Laminitis - a crippling deadly disease for horses, ponies and donkeys
It is the diagnosis horse owners dread – your horse has laminitis. Prevention is the best way to approach this disease as there is no true cure. There are, however, better treatments now than every before. Laminitis’s painful swelling can still be a death sentence. ~ HfH
From: Animed Veterinary Hospital, Shedfield UK
Laminitis is one of the most serious, crippling diseases of horses, ponies and donkeys. Severe and recurring cases of laminitis can reduce a horse’s usefulness or result in the horse being destroyed to prevent further suffering. Treatment can require a lot of time and money (whether successful or not) and requires a good deal of energy from the carer for an extended period of time.
Recent research has shown a strong association between the high insulin levels seen in most ponies with Cushing’s Disease (Pituitary Pars Intermedia Disease (PPID)) and Equine Metabolic Syndrome (EMS) and susceptibility to laminitis; indeed it is now thought that the majority of laminitis cases are PPID or EMS individuals. There is an extremely effective treatment now available for PPID. Please contact for details.
What is Lamnitis?
Laminitis is a painful inflammatory condition of the tissues (laminae) that bond the hoof wall to the pedal (coffin) bone in the horses hoof. It can affect any horse, of any age or sex, at any time of the year. Although it is traditionally considered a disease of fat ponies, laminitis can be triggered by a variety of metabolic or physical causes in any horse as discussed in ‘Causes of laminitis’.

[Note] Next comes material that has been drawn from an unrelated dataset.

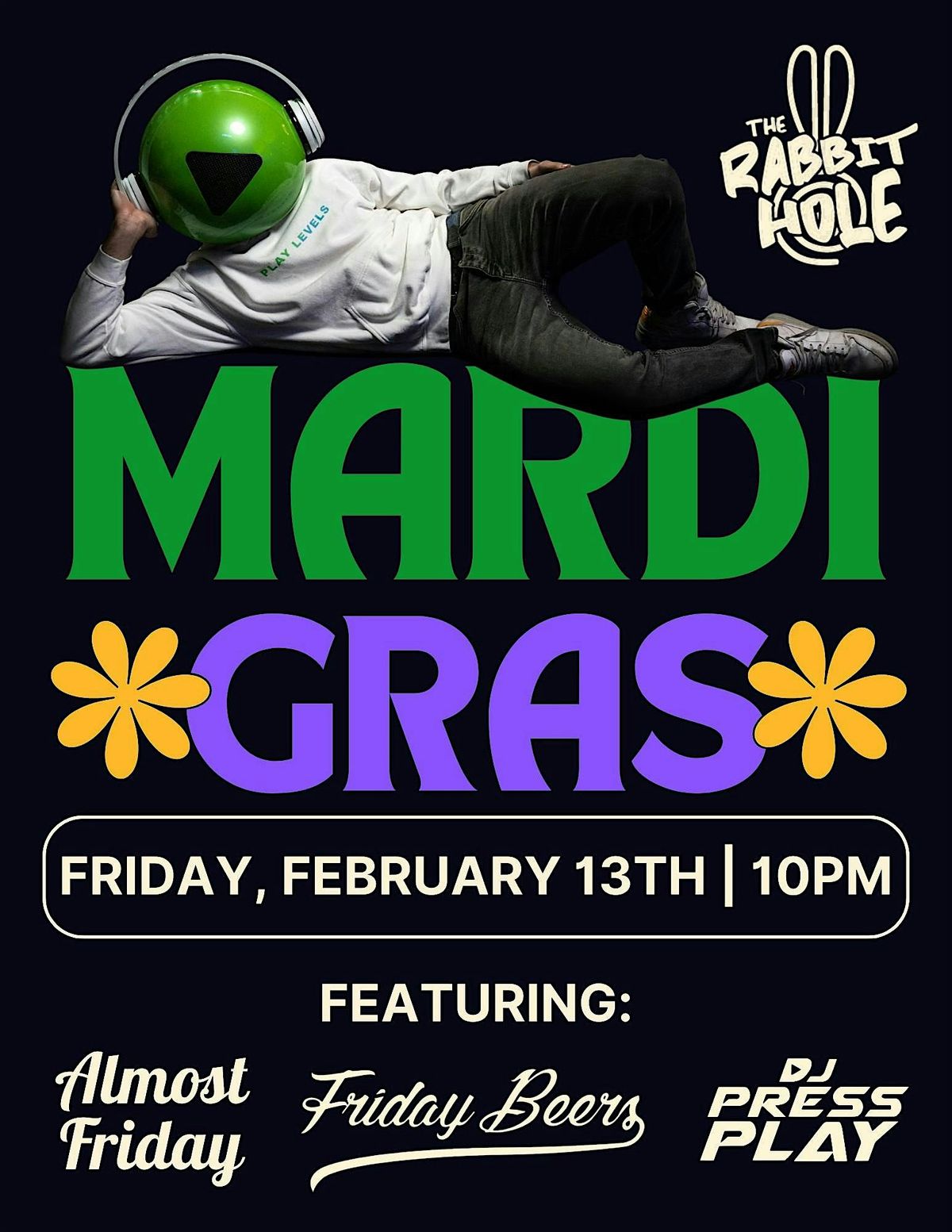 GET READY TO HAVE THE BEST FRIDAY THE 13TH OF YOUR LIFE!!! W/ DJ PRESS PLAY AND HIS FRIENDS FROM VERY GOOD FRIDAY AND FRIDAY BEERS!!!! WHAT BETTER EAY TO START OFF THE MARDI GRAS WEEKEND. WE'RE BRINGING HIM IN FOR MARDI GRAS AS DJ PRESSPLAY'S MUSIC AND VIBE JUST MAKES YOU FEEL HAPPY!!! SEE YA ON THE STREETS!

Laminitis is caused by weakening of the supporting lamina within the hoof, leading to painful tearing of the support structure suspending the pedal bone within the hoof. If laminitis is not treated promptly, the pedal bone drops (these cases are described as “sinkers”) or the pedal bone can rotate downwards.
Laminitis and Founder are not the same. Laminitis can, but does not always result in Founder. The word Founder describes the sinking of the horse’s foot. The sinking occurs when the laminar bond fails.